Era un sabato di luglio. Avevo un milione da parte. Ho preso il volo della Virgin e quattro ore dopo ero al civico 6 di Holland Road. È un albergo e lo gestisce una vecchia cinese. Hanno preso una stanza con due letti a castello, un lavandino e un armadio blu. Cucina e bagno sono comuni. È abbastanza pulito. Sei piani in tutto, senza ascensore, loro stanno al terzo. Per salire devi fare le scale, sono sempre buie. Il corridoio al piano è stretto, se qualcuno apre la porta di camera sua non ci passi più. Nella stanza vicina alla loro ci sono studenti francesi. Fanno casino fino a tardi e Maria non li sopporta.

Siccome oggi non lavorano, gli propongo di andare a dischi usati, lì a Notting Hill. Maria è un po’ stanca e crede che leggerà a letto. Carolina invece mi accompagna volentieri. Solo un attimo che vola in bagno, fa pipì e usciamo. Ha un bel pullover nero, i capelli se li è fatti quasi a zero.
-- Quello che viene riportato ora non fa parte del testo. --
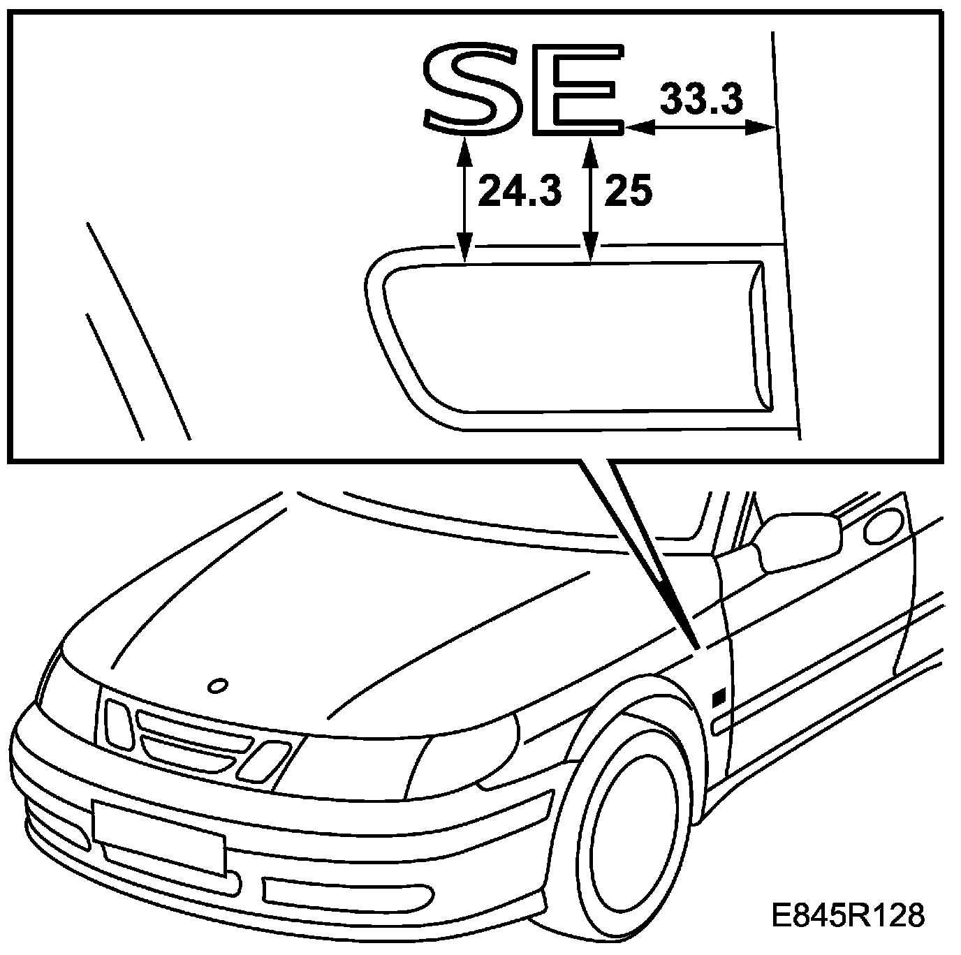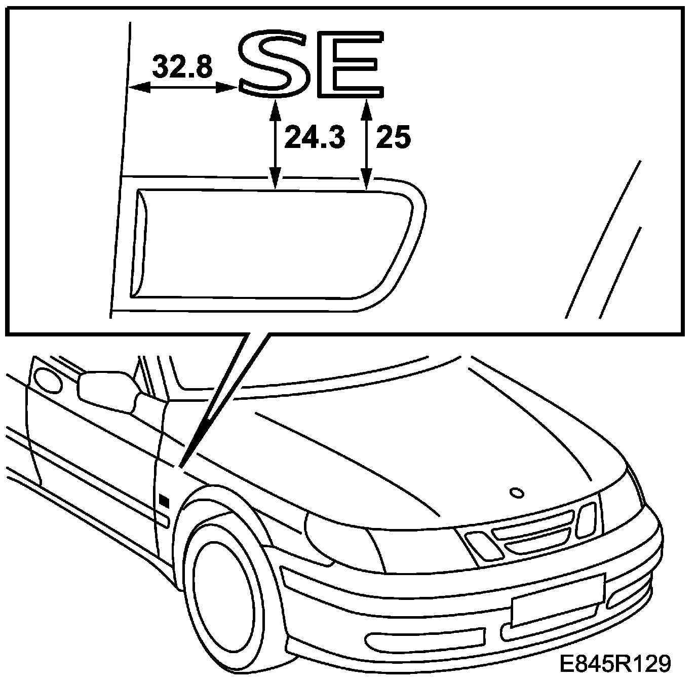 Mount the SE emblem on the left-hand front wing in accordance with the measurements in the illustration.

È già l’una e Carolina è ancora in bagno
Busso. Una, due volte.
“Hai fatto?”
Quando entro la vedo di spalle, fra lo specchio e il lavandino. Ha solo i pantaloni addosso. Il suo corpo è diverso. Mi ritorna l’immagine di noi a nove anni quando al mare da lei giocavamo alla sirena e al pescatore, con quel poco di seno che stava mettendo. Adesso non ha più la pelle, non ha nemmeno la spina dorsale. Fra la testa e il bacino c’è un sottile fusto verde. Con le gemme e qualche foglia già spuntata. Non è un tronco ma nemmeno un filo d’erba. Di spessore pare un manico di scopa. Carolina mi abbraccia. È disperata.
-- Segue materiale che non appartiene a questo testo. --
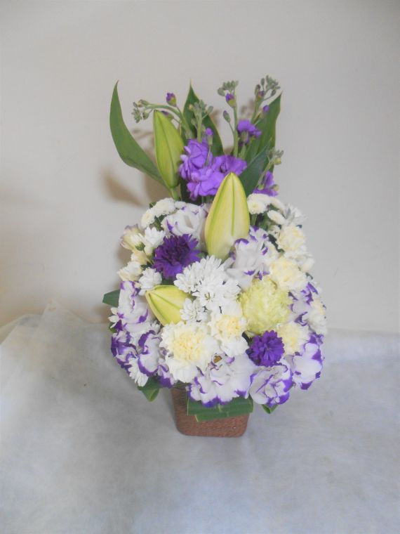 お悔やみ お供えの花 供花 (白基調でユリと紫系のお花をあしらったバスケットアレンジ)

“Sei diventata una pianta!”
“È tre mesi che è successo. Non so che fare: mi metto le spalline, mi imbottisco di polistirolo. A parte Maria non lo sa nessuno. Ho problemi di respirazione, mi sa che di notte produco anidride carbonica! Dormiamo sempre con le finestre aperte oramai e puoi immaginarti il freddo.”
“Sei andata al pronto soccorso?”
“E che gli dico? Che possono fare quelli? Questo fusto è vegetale, capisci? È fatto di clorofilla! A maggio mi sono venuti i ramoscelli sulla schiena e per potarli non sai il dolore. Ma che vuoi sapere tu!”
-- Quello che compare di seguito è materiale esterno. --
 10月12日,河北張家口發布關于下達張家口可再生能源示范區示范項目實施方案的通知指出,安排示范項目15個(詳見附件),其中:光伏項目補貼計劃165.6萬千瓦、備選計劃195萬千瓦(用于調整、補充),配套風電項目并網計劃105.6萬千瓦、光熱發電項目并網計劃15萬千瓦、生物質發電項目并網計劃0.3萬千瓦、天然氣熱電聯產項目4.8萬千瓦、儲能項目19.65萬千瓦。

In effetti non sapevo. Carolina lì davanti. Con due occhi rosso fuoco e quel piccolo fusto verde, che vibrava oramai dai singhiozzi. Era lì e mi guardava, come se l’avesse fatto sempre, da quando a nove anni si giocava alla sirena e al pescatore. Non c’è stato il tempo, io davvero avrei voluto ma che potevo fare? Aveva un paio di forbici in mano: fu un attimo, un rumore secco. Carolina tagliò e si divise in due. Il sopra crollò subito nel lavandino. Vidi il viso rovesciato: sembrava un fiore. Un fiore con lo stelo e gli occhi aperti. La sua parte di sotto si era afflosciata sul pavimento, leggera leggera. Non uscì nemmeno sangue perché il fusto era verde e fibroso e anche adesso non cambiava consistenza.
“Ti ha aspettato sai? Aspettava te per farlo.”
Era Maria, stava sull’uscio. Non sembrava sorpresa e sentivo il suo odio pulsare.
“Che ci inventiamo adesso? Verrà la polizia? Che ci inventiamo adesso?”
Fu la sola cosa che mi uscì di bocca.